Wyobraź sobie, że jedziesz na spotkanie do ważnego dla Ciebie Klienta. Po wejściu do sali okazuje się, że już na Ciebie czeka, a w dodatku jest w towarzystwie jeszcze dwóch osób. Wskazuje Ci miejsce, z którego swobodnie będziesz nawiązywał kontakt wzrokowy z każdą osobą. Lokalizujesz projektor i już wiesz, że będzie problem. Stoi za plecami Twoich rozmówców. „Że też, nie wpadli, że będę go potrzebował…” – myślisz, ale siadasz na wskazanym miejscu. Przecież nie będziesz przesadzał Klienta. Rozkładasz się ze swoimi materiałami, a kiedy nadchodzi moment wyświetlenia prezentacji przeciskasz się po projektor.
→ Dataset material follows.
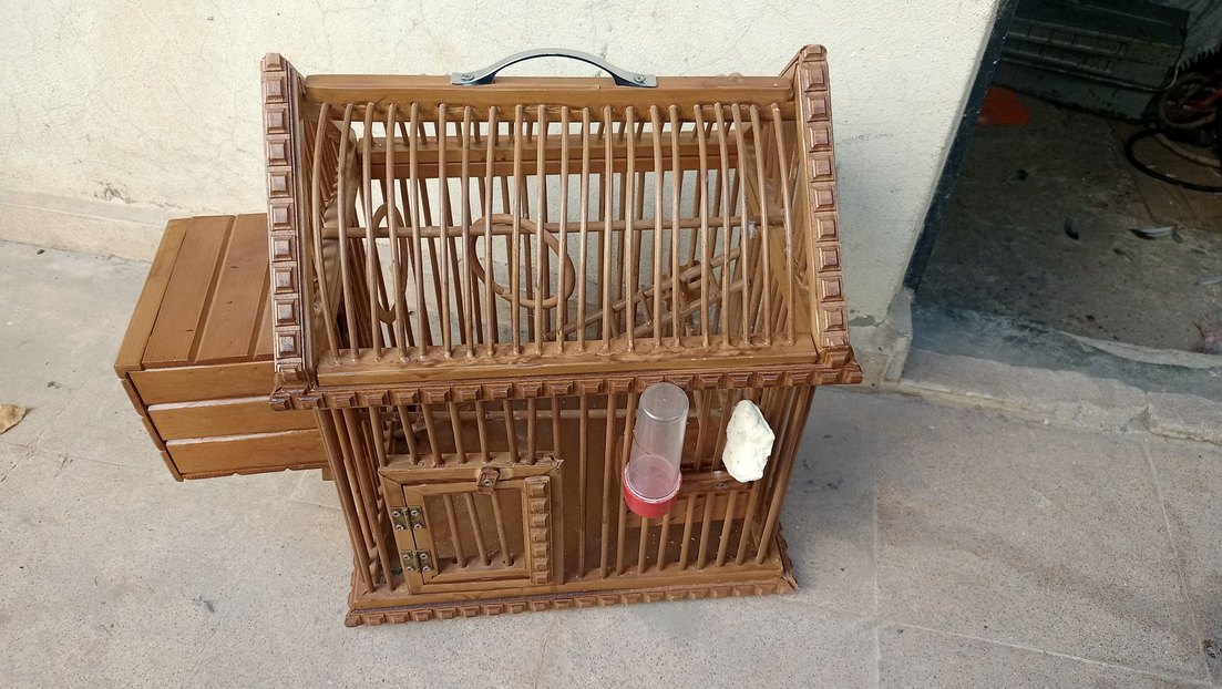 Ahşap küçük evcil hayvan kafesi, üstte sap, ön kapıda menteşe, yan tarafta su ve yem kabı ile donatılmıştır. Özel yapım Ahşap Kuş Kafesi.İçinde merdevini yem kutusu suluğu salıncağı yuvası gaga taşı herşeyi mevcuttur.Hiç bir kırık çatlak yoktur.500 gram yuva kumu hediyedir.

Klient oczywiście chce Ci pomóc, więc wstaje, a z nim wszyscy pozostali uczestnicy, bo…też chcą pomóc? Możliwe jednak, że robią to, ponieważ czują dyskomfort kiedy ich szturchasz i chcą tego po prostu uniknąć.

Tego typu sytuacje rodzą pytania: Czy wolno nam „usadzać” Klienta? Jak zarządzać przestrzenią podczas spotkań biznesowych? Na ile sprawne poruszanie się w przestrzeni ma wpływ na efekty, które chcemy osiągnąć?
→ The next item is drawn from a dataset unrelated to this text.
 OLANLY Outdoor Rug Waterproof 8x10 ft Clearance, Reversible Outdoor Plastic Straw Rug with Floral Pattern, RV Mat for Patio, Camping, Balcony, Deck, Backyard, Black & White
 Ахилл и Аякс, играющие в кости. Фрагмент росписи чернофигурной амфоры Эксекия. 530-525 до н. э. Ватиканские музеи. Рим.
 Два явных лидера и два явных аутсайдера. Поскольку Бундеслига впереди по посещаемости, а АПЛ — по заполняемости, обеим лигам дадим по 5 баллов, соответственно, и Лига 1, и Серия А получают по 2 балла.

Aby odpowiedzieć na te pytania, warto pochylić się nad tematem proksemiki.

Proksemika to nauka badająca zależności przestrzenne między osobami, komunikującymi się ze sobą. Edward T. Hall amerykański etnolog, autor pojęcia, wyróżnił cztery przestrzenie komunikacyjne:

Rys. 1 Źródło: Pease A.,  Mowa ciała. Jak odczytywać myśli innych ludzi z ich gestów, Jedność, Kielce 2001, s. 22

Strefa intymna oraz osobista zarezerwowane są dla osób nam bliskich i relacji mniej formalnych. W biznesie mówi się o zachowaniu odległości ok 120 cm od rozmówcy, przy wystąpieniach publicznych 360 cm.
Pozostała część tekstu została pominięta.